Living Leeside: How Cork’s landscape inspires a Scottish artist

Living Leeside: How Cork’s landscape inspires a Scottish artist

"I like to be able to take long, quiet walks, talk to horses in fields, hang out with nature, and observe the passing of the seasons.”

GLASWEGIAN artist Lorna Macdonald Dunlop has been living in the County Cork countryside for the past 14 years, but doesn’t drive and doesn’t own a smartphone.

Lorna, 53, is an art photographer, and living in the midst of farmland and woods, in Conna, beyond Fermoy, means she is spoilt for landscapes and skylines for her work.

Lorna studied art and photography in Glasgow and moved to Cork due to her husband Gary’s work.

“He’s global project manager for Sanmina, in Fermoy,” Lorna says.

Moving from Glasgow’s busy west-end to Cork’s countryside was big for Lorna and Gary, but both are content.

“When I first came here, it was for a long weekend, just to see,” Lorna says. “I used to live in Glasgow’s busy west-end, full of cafes, bars, and restaurants, art galleries and opera, theatre and bookshops.

“Cork city has all of that, if I want, and only a short drive away, and in a beautiful, more intimate way. Glasgow is a big city. Conna, however, is a place of calm, usually. Our community is a vibrant one, so there’s always something going on, but I like to be able to take long, quiet walks, talk to horses in fields, hang out with nature, and observe the passing of the seasons.”

Lorna is the PRO of the Conna community council.

“This involves running the website, and social media, talking to the press, and generally putting people in touch with each other,” Lorna says.

“I’m also secretary for our Tidy Towns group and our community lottery, which helps fund our village projects. A lot of our efforts have been curtailed, due to the Covid-19 restrictions, but we look forward to the day when we can get back to work.”

Conna has shaped Lorna’s approach to her work.
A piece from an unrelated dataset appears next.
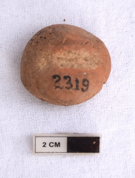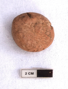 | Description / विवरण | It is an almost circular terracotta sealing of baked clay, the impression of wheel a can be observed. |

“The landscapes of this part of the world have really transformed the way I photograph,” Lorna says. “It’s about the light. I suppose, it reminds me of times spent growing up on the Isle of Tiree, in the Inner Hebrides of Scotland. That’s where my father’s side of the family come from and the light there is quite magical.

“Here, the clouds become luminous as they roll in from the ocean and have a warmer tone than up north. But the main reason I’m here, probably for life, is the warmth of the people. I never thought I’d be so welcomed and so included. People are so generous, forgiving, and cheerful here. One lady calls Conna ‘a little slice of heaven’. I’d have to agree with her,” Lorna says.

Cork people are open and friendly, she says. “There is a warmth. There’s a casual acceptance of anything strange and an accompanying curiosity. I like that you can have the life story wrung out of you in minutes.”

Living in Conna, with a laptop for work and an old Nokia for communication, Lorna has developed her own way of doing things.

Lorna received the Arts Council of Ireland’s Covid-19 Response Award for her photography project, ‘2 Metres Apart’, which will be included in Culture Night on September 18.

“This project takes the form of a slideshow and depicts my friends and neighbours within their landscapes,” she says. “What was initially intended as a portrait of isolation turned into one of joyful reunion.”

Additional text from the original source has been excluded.